FETT ROOFING AND SHEET METAL CO., INC., V. MOORE 438 F.Supp. 726 (1977) CASE BRIEF

FETT ROOFING AND SHEET METAL CO., INC., V. MOORE
438 F.Supp. 726 (1977)
NATURE OF THE CASE: Fett (P) appealed from a bankruptcy court order that subordinated the note claims of P to the claims of all other creditors.
FACTS: Fett Roofing was owned and run by P, as a sole proprietorship. In 1965, P incorporated his business, transferring to the new corporation assets worth $4,914.85 for which he received 25 shares of stock. The stated capital of the corporation was never increased during the course of the corporation's existence. P was the sole stockholder and also the president of the corporation.

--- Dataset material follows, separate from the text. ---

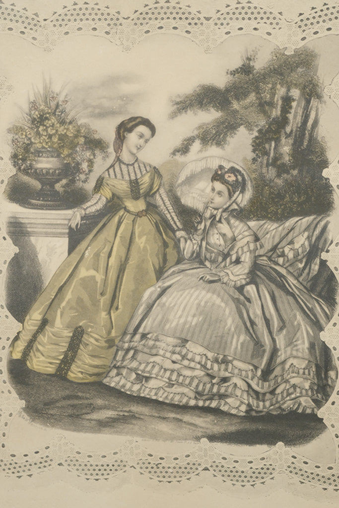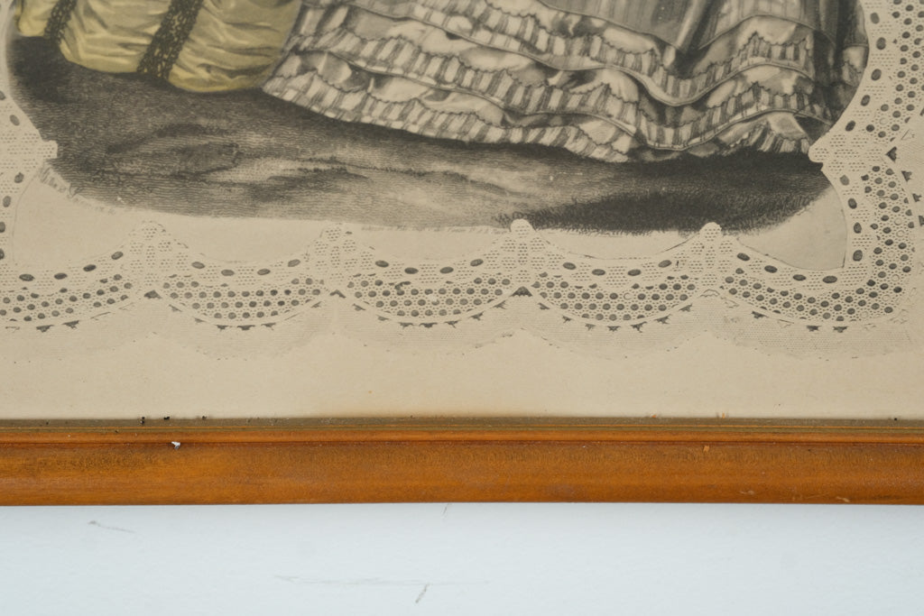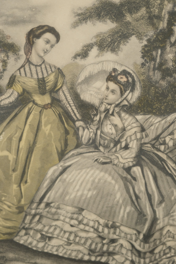 This framed hand-colored Godey’s fashion print features a lovely outdoor scene of two Victorian women—one standing gracefully in a golden gown and the other seated with a parasol in a soft striped dress. Their attire, posture, and setting reflect the refined fashion and genteel social life captured in 19th-century Godey’s Lady’s Book fashion plates.
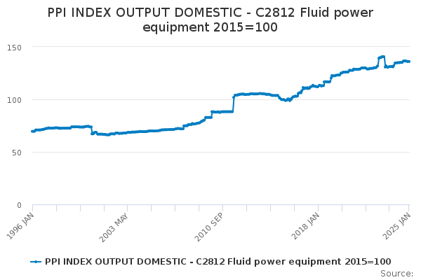 Download this time seriesPPI INDEX OUTPUT DOMESTIC - C2812 Fluid power equipment 2015=100

The roofing business continued to be run completely by Mr. Fett much as it had been prior to its incorporation. P advanced money to his business as the need arose. Three of these transactions made in 1974, 1975 and 1976 involved the transfer to the corporation of $7,500, $40,000 and $30,000, respectively. P borrowed from the American National Bank, made the funds available to his business and took back demand promissory notes. On April 6, 1976, at a time his business had become insolvent, P recorded three deeds of trust intended to secure these notes with the realty, inventory, equipment and receivables of Fett Roofing and Sheet Metal Co., Inc. The deeds were backdated to indicate the dates on which the money had actually been borrowed. On November 8, 1976, an involuntary petition in bankruptcy was filed. The judge found that the bankrupt was undercapitalized at its inception in 1965, and remained undercapitalized throughout its existence, the three deeds of trust which purport to secure the said notes were all back-dated to create the impression that they were executed contemporaneously with the advance of funds and the giving of the notes; all three were in fact executed and recorded during the first week of April 1976, when the notes were, by their terms, past due, the purpose of the deeds of trust was to delay, hinder, and defraud the creditors of the bankrupt, and to give P a preference over them, P was in sole control of the affairs of the bankrupt, and was its sole stockholder, and P's is interests were at all times identical to and indistinguishable from that of the bankrupt; he was the alter ego of the bankrupt. The judge concluded that the advances made by P to his corporation were actually contributions to capital, not loans, and that claims based on them therefore should be subordinated to those of all the other creditors of the bankrupt. P appealed.